25.各地
ゼウスの雷によく似た双刃の剣を手に、二人の幼天使はラファールへと襲い掛かった。
被害を出すまいと上空戦に引き付けたラファールの気など露知らず、何かのアトラクションのように歓声を上げる人々だったが、狡猾にも放たれた咎に焼かれ、焼失した様を目の当たりにして身の危険を知るのだ。
二人掛かりでも綻びを見せないラファールの姿に幼天使の一人はネフィリムへと姿を変えていく。どうやら飛行能力には乏しいらしくその身はスルスルと落ちていく。人気のない場所まで誘い込もうと思っていたのだが、それならこの場所に固執するだけである。
(実に素晴らしい光景ではないか…)
その眼で見通したの有様にニタリと笑みをこぼしたゼウスは、首筋に蠢く疼きに手を回した。
一方、窮地に立たされていたアナスタシアは、二体のネフィリムと一人の幼天使に防戦を余儀なくされていた。守るべき対象は既に辺りから引いていたが、命知らずな者達は我々の闘いを刮目しているようだ。
(私が感知すべきは片腕に抱いたこの子(子猫)だけ)
どこか安全な場所に置いてやりたいが、ペントハウスを破壊した幼天使は半巨人化させた片腕引くと、瓦礫から姿を現した子猫をも手に掛けようとしていた。私と接触した因子に反応したのならば手放したとしても標的となり得るのかも知れない。

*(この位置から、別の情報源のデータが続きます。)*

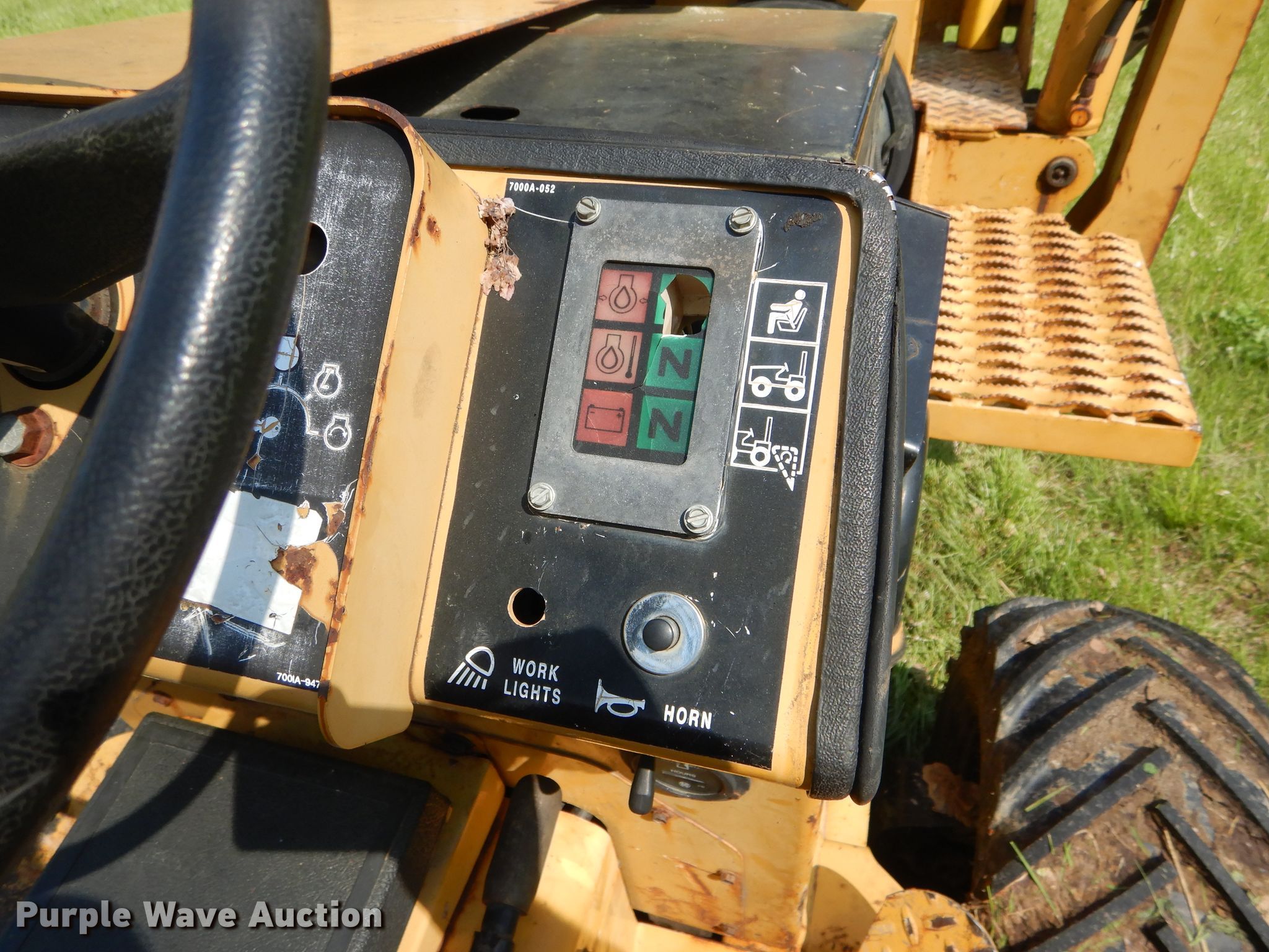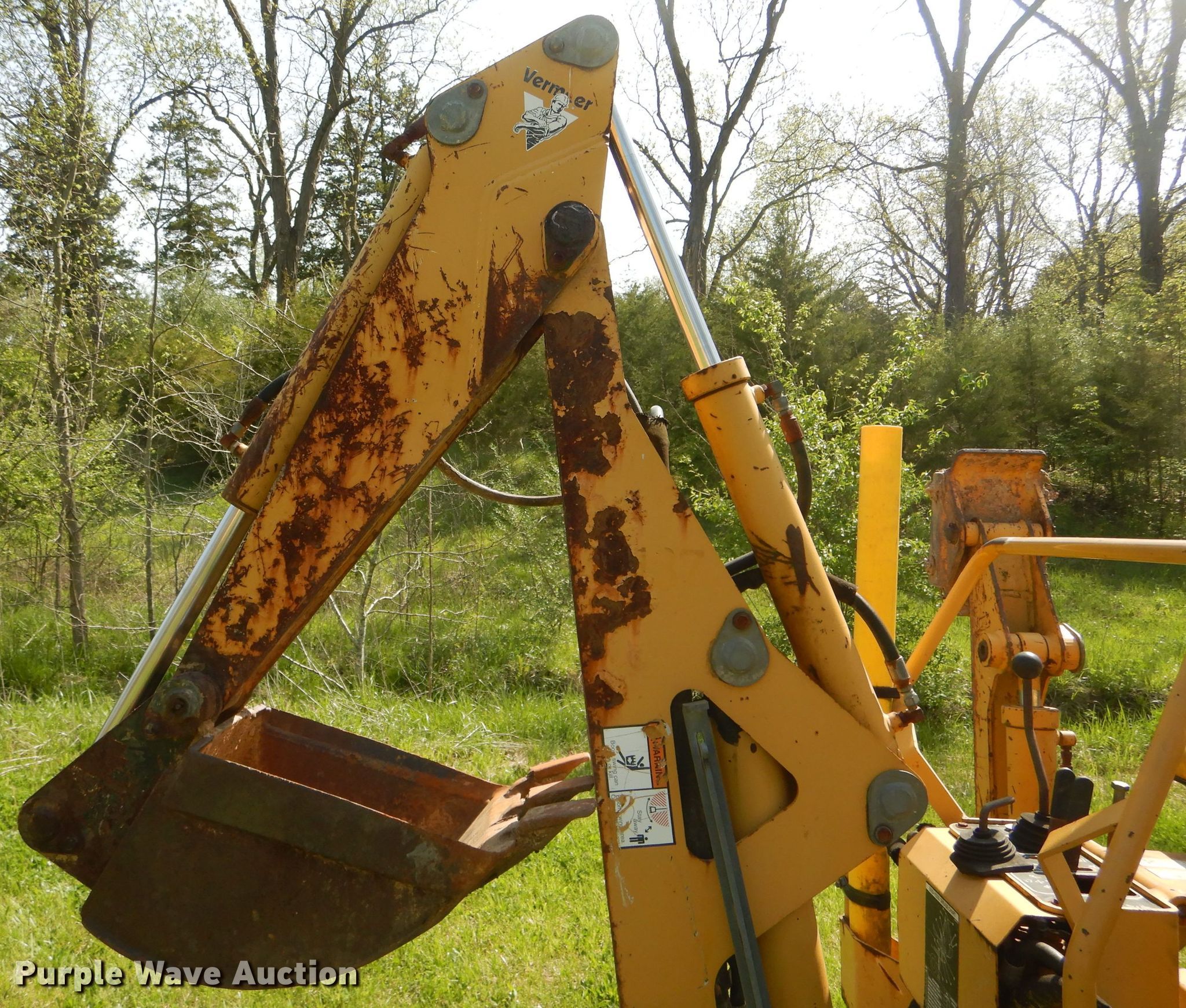Purple Wave is selling a used Cable Plow in Missouri. This item is a 2000 Vermeer V3550A cable plow with the following: 2,386 hours on meter, Hours may vary, unit still in use, Deutz three cylinder diesel engine, Hydrostatic transmission, Four wheel drive, Six-way backfill blade, Vibratory plow model VP3550, 24" digging depth, Serial 1VRP050M5Y1000192, Backhoe model B500, 12"W bucket, Serial 1VRM040M311001192, 26 x 12.00-12 tires, Serial 1VRS072P0Y1001568
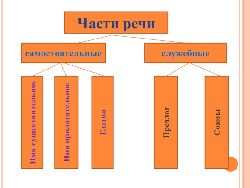 Части речисамостоятельныеслужебныеИмя существительноеИмя прилагательноеГлаголПредлогСоюзы
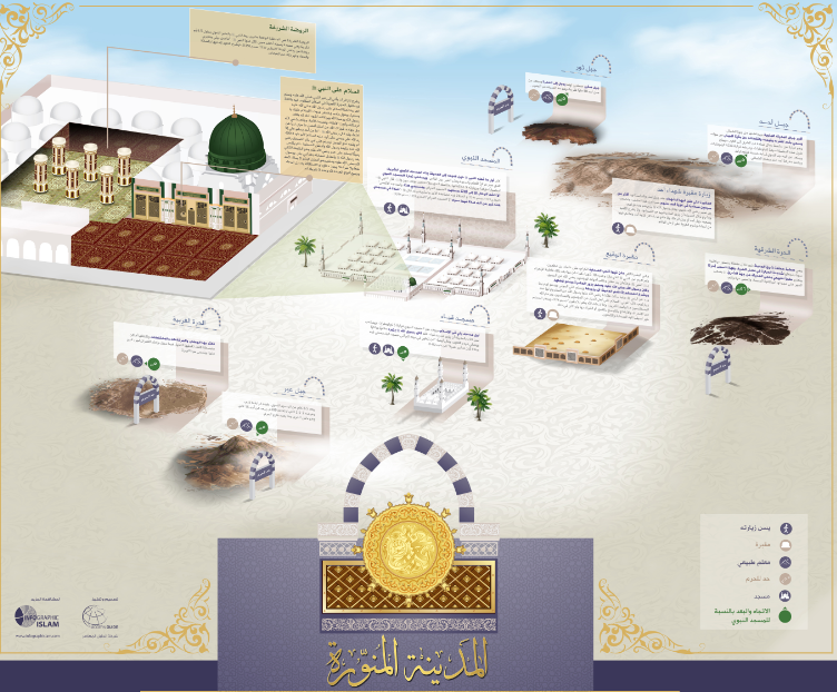 إنفوجراف يحتوي على معلومات عن المسجد النبوي، والمدينة المنورة وأبرز معالمها.
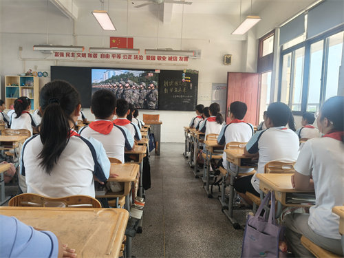 典礼上,朱校长发表了题为《铭记历史赓续血脉,以少年之我筑强国之路》的热情洋溢的致辞。她从80周年纪念日切入,将校园的桂花香与天安门的礼炮声相联系,将崭新的课本与阅兵的钢铁洪流相呼应,为师生们带来了一场跨越时空的对话。朱校长在讲话中特别强调,同学们也是这场盛大典礼的“小主角”,并鼓励大家争做历史的“小传承者”、未来的“小创造者”和今天的“小主人”。
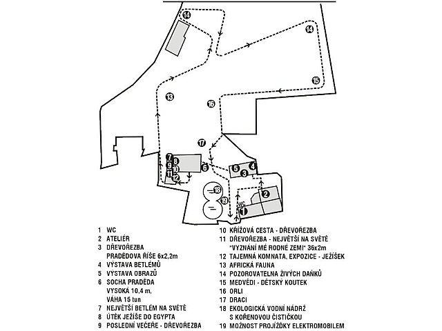 Na osmi hektarech se rozkládá galerie, ve které shlédnete 450 vyřezaných plastik zvířat a hlavně betlém v životní velikosti, který již čítá 236 soch a váží 20 tun. Nechybí zde ani slon či velbloud v životní velikosti. Sochy uvidíte umístěné převážně v krytých prostorách a v zahradách jsou také kromě soch umístěny atrakce pro děti, jako jsou houpačky, prolézačky a kolotoče. Z pozorovatelny můžete sledovat chov daňků. Dominantou celé galerie je socha vládce jesenických hor - Děd Praděd, který se tyčí do výše 10,4 metrů a váží okolo 15 tun. Za třetí unikát je považován obraz Děda Praděda a jeho říše.
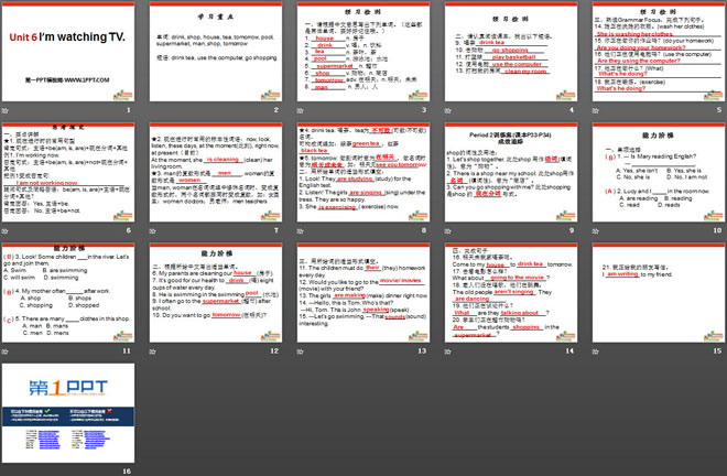 关键词:《I'm watching TV》教学课件,人教新目标版七年级下册英语PPT课件下载,七年级英语幻灯片课件下载,《I'm watching TV》PPT课件下载,.PPT格式;
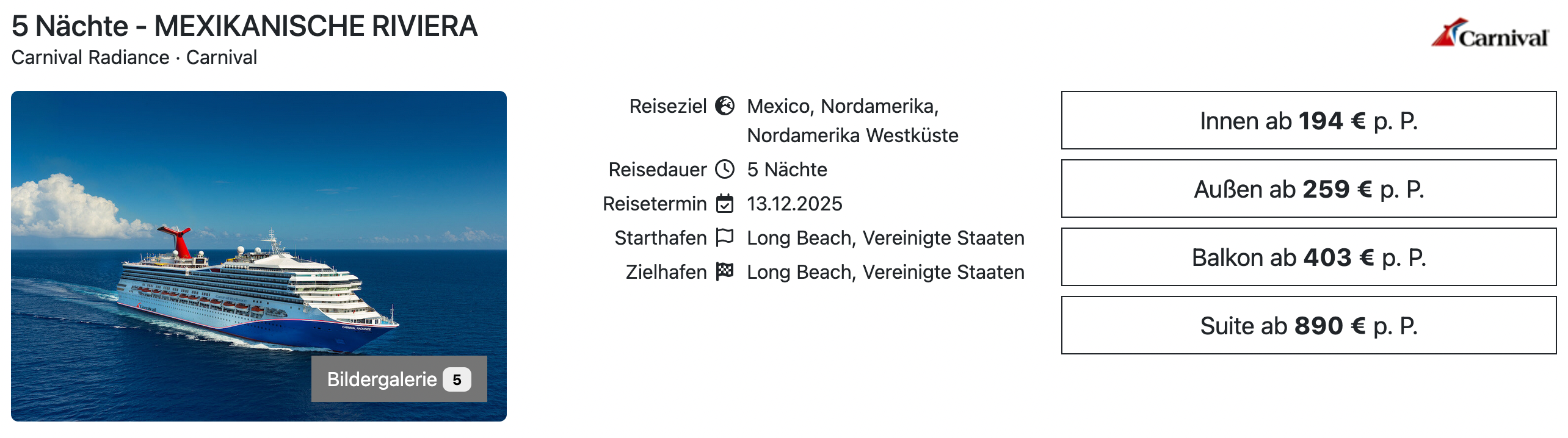 Neben der hier vorgestellten Abfahrt gibt es noch einige weitere Abfahrten mit der Carnival Radiance ab Los Angeles, die ihr momentan günstig buchen könnt:
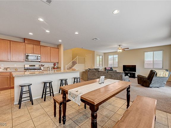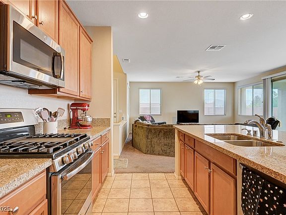 Welcome to the inviting North Peak community. This lovely home features an open concept design with large windows overlooking the spacious finished backyard with covered patio. Gourmet kitchen includes all stainless-steel appliances, upgraded granite countertops, 42-inch cabinets and double door pantry. Oversized sliding glass doors take you from the great room to the covered patio. Large dining room area. The 3-car garage floor has been professionally epoxied. Perfect for all of your toys! First floor bedroom includes ceiling fan/light with adjoining 3/4 bath! 3 good size bedroom's all with ceiling fan/light kits. Wonderful home for entertaining or raising a busy family. Walk to the adjoining Camino Eldorado Park featuring softball fields, soccer fields, doggie park, children's play area. All schools are close by.
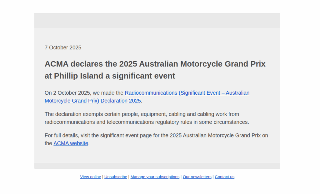 I got this email today from ACMA, the Australian communcations regulator who’s mailing list I subscribe to:

天使の輪を回した子猫を手の内に、マンションの壁面を地とした局面から地上戦へと移り変わる。
細く美しい透剣・アスカロンは淀みなく、光の返しさえ写らなければ視認し難い程である。斬り払うその手に余力は十分残されていたが、対峙する幼天使は庇護し育むべき存在でしかない。何とか説得を試みようと呼び掛けるが声は返らない。
同時刻、マンハッタン島・ニューヨークに立つガブリエルは、地上天使の集う天言領域に現れたウリエル達の姿に声を漏らした。彼女達は手の回らない場所へ赴いてくれていたのだ。
「(あなた達…)」
世界の主要都市と堕天達が所在した地に降り立った幼天使達は次々と行動を起こして行く。ロンドン・モスクワ・ムンバイ・上海・東京など、三十以上もの地域に現れると無情にも人々を焼き払うのだ。
内戦にほど近い中東地域ではマシンガンやロケットランチャーなどの銃火器が出現したネフィリムへと浴びせられたが、白無垢の体に取り込まれるように攻撃は搔き消えるだけだった。
小惑星帯の岩石を潜り抜けるように、空中に浮いた車の間を翻りネフィリムを攻め立てるガブリエル。
「(ゼウス様!、これは一体どう言う事ですか⁉︎)」
天界まで通じていた天言を発すると、ガブリエルの急く声に疎ましく声を上げたゼウスは、世界各地で奮闘する天使達にも告げられた。
「(我が名により、地上に巣食う業を焼き払う。妨げるは背光に仇なす者としれ…)」
ゼウスの暴虐に言葉を失っていた天言領域の天使達の前に、沈黙していたミュハエルが姿を現した。
「(オレが直接掛け合おう…)」
消え去るその姿にあの日の予感を覚えずにはいられなかった。